GAO Finds Only Mixed Evidence Of U.S. Mechanic Shortage, Urges FAA Reforms
A February report to the U.S. Congress by the Government Accountability Office found only mixed evidence on the much-discussed mechanic shortage, but urged FAA to increase collaboration and data efforts to develop what GAO called “a robust, diverse,” mechanic workforce.
GAO analysts say labor shortages are usually indicated by low unemployment rates, increases in wages and increases in employment. From 2013 through 2018, according to Labor Department data, mechanic unemployment averaged 2.1%, versus 5.3% for all workers. Median real mechanic wages rose 1.2% per year, the same as for all workers. And total mechanic employment was flat over the five years, versus a 2.1% annual increase for all workers.
The unemployment rate seemed to indicate hiring difficulties. So did the rise in real wages, but not more so than for all workers. And GAO noted there were some years when wages actually declined. Further, the change in employment was not consistent with hiring difficulties, GAO said. But here too, the numbers fluctuated greatly from year to year.
Nevertheless, trouble may be on the horizon. According FAA data, GAO estimated that over half of roughly 330,000 certificated mechanics in December 2018 were between 50 and 70 years old, and 97% were men.

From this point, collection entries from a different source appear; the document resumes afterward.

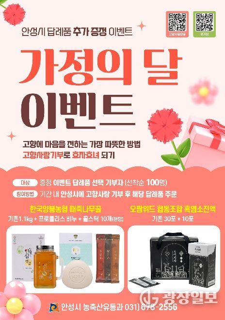 광장일보 주재영 기자 | 안성시는 오이데이와 5월 가정의 달을 맞아 고향사랑기부제 참여 확대와 지역 농산물 소비 촉진을 위해 ‘오이데이 이벤트’와 ‘가정의 달 이벤트’를 추진한다고 밝혔다.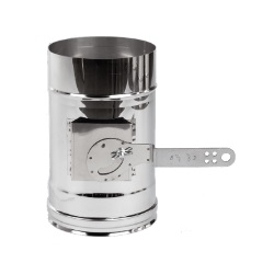 Регулятор тяги нержавейка в нержавейке для двустенного дымохода Версия Люкс является важным элементом дымохода. Он применяется в качестве регулирующей заслонки по ходу дыма, которая стабилизирует тягу в дымоходе, ограничивает избыточное понижение давление (тяги). Регуляторы тяги и элементы дымоходов из нержавеющей стали изготавливаются толщиной 0,6 мм, 0,8 мм, 1 мм, в основном исполнении с ручкой, в исполнении 1 с прутком, который вращается, в исполнении 2 с прутком, движущимся в продольном направлении.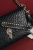 Handcrafted leather shoulder bag with carved nickel metal details. Comes with double strap, one leather strap and one chain strap. Contains removable leather wallet.
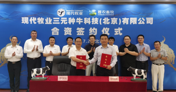 *【環球網財經消費資訊 記者 文馨】*環球網財經消費資訊獲悉,7月20日,北京三元食品股份有限公司控股子公司北京首農畜牧發展有限公司(以下簡稱:首農畜牧)與現代牧業(集團)有限公司(以下簡稱:現代牧業)在北京圓山大酒店舉辦合資公司簽約儀式,共同組建現代牧業三元種牛科技(北京)有限公司。現代牧業持有合資公司總股本的51%,首農畜牧持有49%,聯合佈局種業板塊,拓展全產業鏈生態圈,打造中國最大規模的奶牛育種資源羣體,共建全球領先的奶牛育種與繁育服務創新聯合體,助力首農、蒙牛等社會奶源牧場的種質提升,在國家種業振興行動中主動擔當作為,實現奶牛種業核心技術自立自強,核心種源自主可控。

The auditors noted that FAA plans to issue a final rule on the curriculum for aviation maintenance technician schools toward the end of 2020 and testing standards afterwards.
But GAO said FAA lacks the kind of data other agencies have to promote development of an adequate force of mechanics. “Without routinely analyzing its own data or leveraging others’ data, FAA may not have certain information it needs to track or ensure progress toward its workforce development goals,” GAO reported.
The Aviation Technician Education Council disputes GAO’s conclusion that the mechanic shortage was unproven. ATEC says its own data in the upcoming 2020 Pipeline report shows beginning hourly rates for aviation tech school graduates are rising.
In any case, “the shortage may not be upon us now, but it soon will be,” ATEC says, citing a 2017 Oliver Wyman report indicating supply-demand gaps in 2023.